Dilated cardiomyopathy is a progressive, usually irreversible, disease causing global systolic (contractile) dysfunction with heart failure. Often, there are ventricular and supraventricular arrhythmias, conduction system abnormalities, and thromboembolism; sudden death may occur, typically in later stages of disease.
From a pathologic standpoint, the term dilated cardiomyopathy is generally used to designate an idiopathic process, in the absence of long-standing hypertension, toxin exposure, or chronic alcoholism (secondary dilated cardiomyopathy). Most patients are middle aged or older at the time of onset; younger patients with dilated cardiomyopathy often have a family history and a genetic predisposition (familial dilated cardiomyopathy).
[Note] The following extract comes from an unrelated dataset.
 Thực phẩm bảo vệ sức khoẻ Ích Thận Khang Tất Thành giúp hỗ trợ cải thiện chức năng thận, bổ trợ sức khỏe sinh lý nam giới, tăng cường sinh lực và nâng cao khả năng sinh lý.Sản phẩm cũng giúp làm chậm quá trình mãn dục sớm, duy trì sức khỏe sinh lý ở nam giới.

Congestive heart failure with global left ventricular dysfunction, mimicking dilated cardiomyopathy, may also occur in patients with coronary ischemia and valve disease.
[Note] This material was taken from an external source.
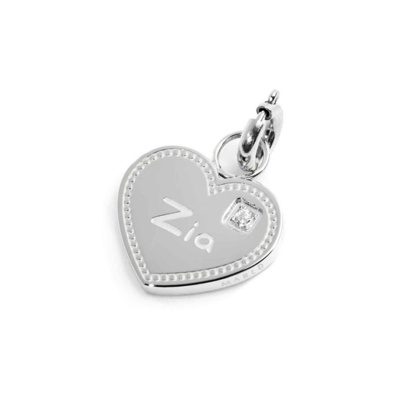 Descrizione: Charm a forma di cuore con misura 1*1,2 cm, con al centro incisa la scritta "Zia" e cubic zirconia. Sul retro incisa la scritta "Per dirti che sei nel mio" con un cuoricino con smalto rosso. Logo Marlù laserato sul bordo. Materiale: acciaio.
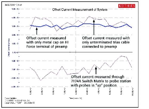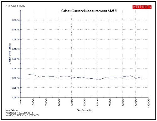 將系統(tǒng)配置為進(jìn)行超低電流測量的前幾步之中有一步是確定整個(gè)測量系統(tǒng)的偏移和漏泄電流,包括4200-SCS本身、連接電纜、開關(guān)矩陣、測試夾具和探針。這可確定整個(gè)系統(tǒng)的噪底限值,并設(shè)置一個(gè)開始點(diǎn),如果可能的話則進(jìn)行改進(jìn)。從測量源測量單元(SMU)的偏移開始,然后繼續(xù)增加測量電路組件,直到連接了除被測裝置(DUT)之外的全部組件。直接由帶有4200-PA遠(yuǎn)程前置放大器的4200-SMU利用KITE軟件進(jìn)行測量。

Dilated cardiomyopathy is characterized by ventricular chamber enlargement and systolic dysfunction with normal left ventricular wall thickness (see the image below).
Right ventricular dilatation and dysfunction may be present but are not necessary for the diagnosis.
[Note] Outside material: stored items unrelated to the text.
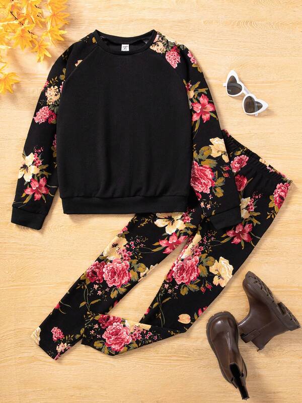 SHEIN Kids SUNSHNE Tween Girl Floral Print Raglan Sleeve Pullover & Leggings
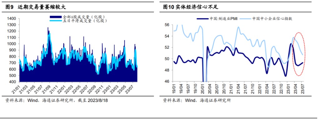 面前阛阓信心不足,活跃阛阓或能扭转经济预期。近期阛阓信心昭彰偏弱,股市成交量连忙萎缩,截止2023/8/18,一起A股成交量已下滑至659亿股,较724政事局会议后的高点萎缩34%。从阛阓发达看,近期各大股指已再次走弱,上证综指自政事局会议后高点最大跌幅-6%,沪深300为 -7%,已实足回吐了政事局会议后的最大涨幅。阛阓情绪回落也反应着面前对实体经济的信心仍不足,本年2月以来PMI呈现回落,7月PMI为49.3%,仍在相对低位。从企业乡信心看,中小企业信心指数也自3月的高点53.7下滑至7月的50.7。
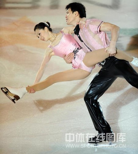 2009年2月25日,為答謝觀眾,獲得第24屆世界大學(xué)生冬季運動會花樣滑比賽前三名的選手,在哈爾濱國際會展中心體育館進(jìn)行表演。圖為獲得雙人滑冠軍的中國選手張丹/張昊激情演出。(中體在線圖片 白宇 攝)

Gross heart specimen from a patient with dilated cardiomyopathy who died in end-stage heart failure. Defibrillator leads are in the right heart. The ventricles are dilated with normal ventricular wall thicknesses, imparting an appearance of thin ventricular walls. The ventricles are dilated more than the atria.
Dilated cardiomyopathy is a diffuse process, and cardiomyocytes of both ventricles (see the image below) are involved; atrial function is also decreased. A primary heart muscle disease, dilated cardiomyopathy has no clear cause. Heart transplantation is the treatment of choice.
Heart section from a cardiac explant in a patient with end-stage cardiomyopathy. Note the cardiomyocyte multinucleation. The change is nonspecific and can be seen in heart failure from any cause.